Running MLflow yourself requires meaningful operational investment. A production deployment needs a persistent database (PostgreSQL or MySQL recommended over SQLite for concurrency), an artifact storage backend such as S3, GCS, or Azure Blob Storage, and a process manager for the tracking server. The team is responsible for database migrations when upgrading MLflow versions, backup and disaster recovery, horizontal scaling behind a load balancer for high availability, and securing the server with authentication. The basic auth plugin is included but SSO with OIDC or SAML requires configuration and maintenance.

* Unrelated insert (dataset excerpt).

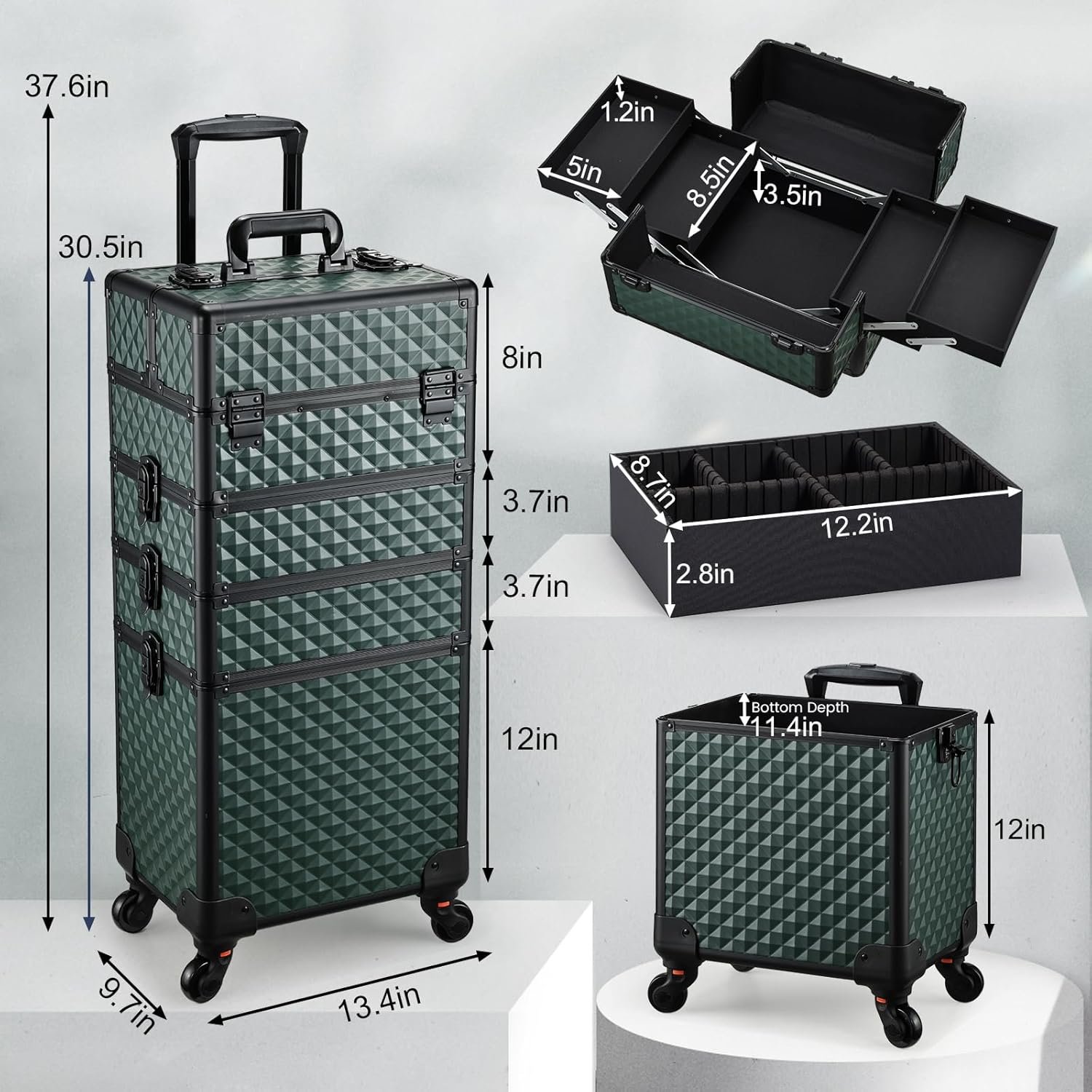 Large capacity Rolling Makeup Case: The separated middle tray with removable baffle smart match. According to the different size of gadget, you can arranged space, not only neatly placed items and can be fixed to prevent shaking and falling damage. There is also a large bottom has a great storage for hair styling tools, cosmetics and nail tools. Perfect for professional makeup artists, hairstylists, manicurists, tattoo artists or those who have a mountain of cosmetics.
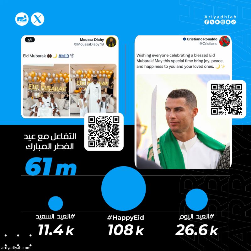 ومن بين أول اللاعبين الذي قدَّموا تهنئتهم بحلول العيد الأسطورة البرتغالية كريستيانو رونالدو، مهاجم وقائد فريق النصر الأول لكرة القدم، قائلًا: «أتمنى للجميع عيدًا مباركًا! عسى أن يحمل هذا العيد المبارك الفرح والسلام والسعادة لكم ولأحبائكم»، كما شارك موسى ديابي، جناح الاتحاد، الفرحة بالعيد واضعًا صورتين له مع عائلته وعلَّق «عيد مبارك»، ونشر الجابوني إيميريك أوباميانج صورة له خلال التدريبات ممازحًا زميله محمد قاسم: «عيد مبارك على الجميع.. يا أخي دعني أذهب لتناول الطعام الآن»، واكتفى السنغالي خاليدو كوليبالي والبرازيلي مالكوم، ثنائي الهلال، بـ «عيد مبارك»، وبثَّ الإيفواري فرانك كيسيه، لاعب وسط الأهلي، صورة له بالزي السعودي معلقًا عليها «عيد مبارك»، وكتب الفرنسي محمد سيماكان، مدافع النصر: «عيد مبارك تقبل الله منا ومنكم أعمالنا الصالحة».

Larger deployments with many concurrent agents or high trace volume will require database tuning and storage lifecycle management.
Databricks offers MLflow as a fully managed service within the Databricks Lakehouse Platform, which adds enterprise features not available in the open source version: automatic high availability and scaling, Unity Catalog integration for fine-grained access control, managed vector stores, enterprise SSO, SLAs, and dedicated support. Organizations evaluating self-hosting should weigh the engineering overhead of operating the database, artifact store, and server process against the cost of Databricks. Teams with existing cloud infrastructure and DevOps capacity typically find self-hosting viable; teams without dedicated ML platform engineers often find the managed offering more cost-effective at scale.